A recent study from the National Center for Policy Analysis finds that plastic bag bans may
not save taxpayers anything.
In San Francisco, the cost of a residential trash can rose from $19.08 in 2005 before its plastic
bag ban to $34.08 in 2013, a 78.6 percent increase out of step with San Francisco's 5 percent
population growth and 19.5 percent inflation during that period.

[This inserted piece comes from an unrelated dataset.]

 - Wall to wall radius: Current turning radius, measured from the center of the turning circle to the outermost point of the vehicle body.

Some plastic bag bans exempt paper bags if they use recycled content, but that is hardly
environmentally friendly. According to the American Progressive Bag Alliance, or APBA, a
plastic trade organization, plastic bags take up 85 percent less space in landfills than paper
bags.
Many localities struggle with having enough landfill capacity, and Texas law makes securing
new landfill permits difficult. Prohibiting plastic bags means landfills fill faster, and
taxpayers must foot the cost of increasing capacity. Increasing landfill capacity and waste are
hardly “eco-friendly” results.Clearly, the idea that plastic bag bans save money and the
environment is a fantasy.
But did you know they might also kill you?
In 2012, the Institute for Law and Economics published a paper titled “Grocery Bag Bans and
Foodborne Illness” that finds striking correlations between San Francisco's plastic bag ban
and increased deaths and emergency room visits related to foodborne bacteria.

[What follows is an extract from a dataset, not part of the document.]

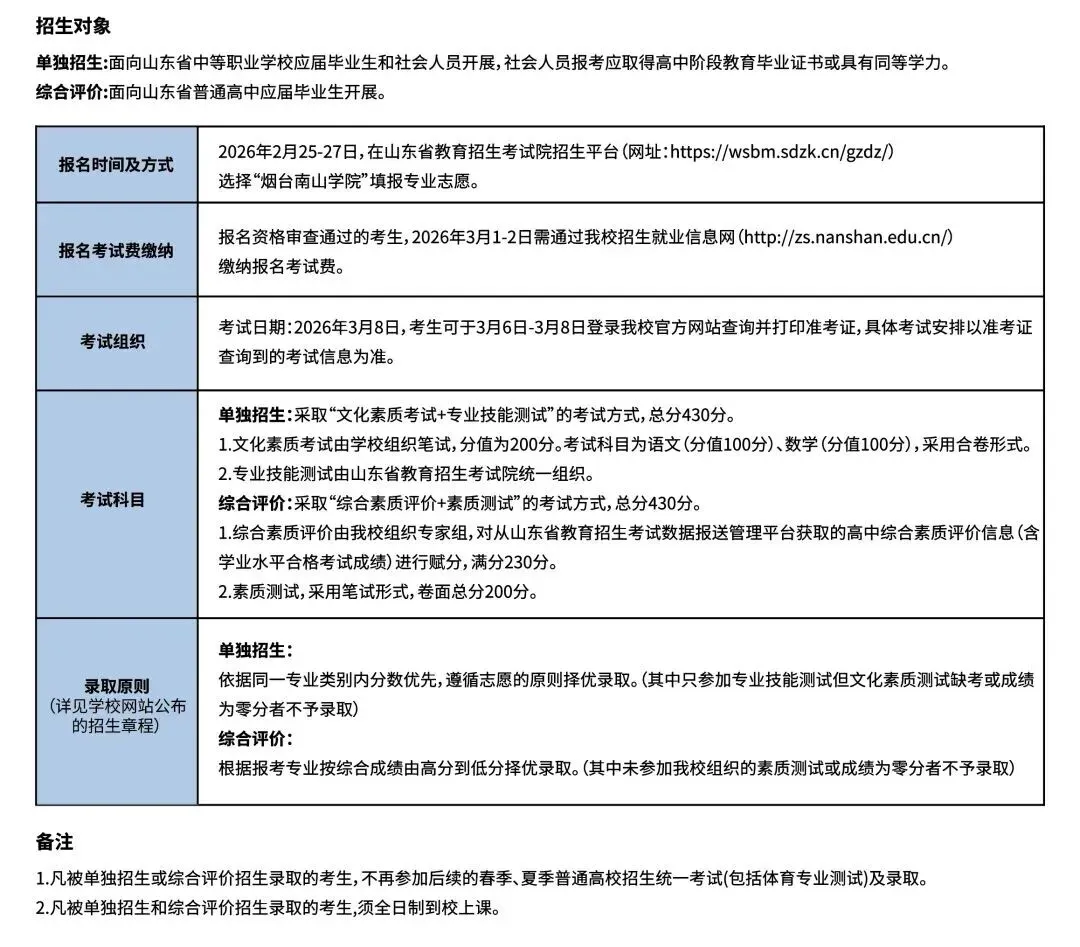 烟台南山学院2026年单独招生及综合评价招生简章

The reusable grocery bags encouraged by regulators can harbor harmful bacteria such as E.
coli, which spread quickly when they are, well, reused. Of course, washing reusable bags
itself requires energy and water.
The paper notes that after the ban, deaths in San Francisco due to bacteria such as E. coli
increased by almost 50 percent. ER visits increased by a similar amount. The paper
concludes, “conservative estimates of the costs and benefits of the San Francisco plastic bag
ban suggest the health risks they impose are not likely offset by environmental benefits.”
Not only are these meddlesome laws dangerous, they also threaten liberty.
Small business owners are unable to operate as profitably or effectively when government
swoops in to micromanage their affairs through petty regulations. Faced with additional costs,
they must hike their prices, placing additional burden on consumers in addition to the loss of
consumer choice.
Consumers may no longer hear “paper or plastic,” the common checkout phrase allowing
them to make a simple decision for themselves. Instead, government chooses for them.

They increase sickness. they fill landfills. . they don't work. Cities should steer clear of the temptation to regulate grocery bags.Plastic bag bans force shoppers to pay more. and they restrict the basic freedom to choose.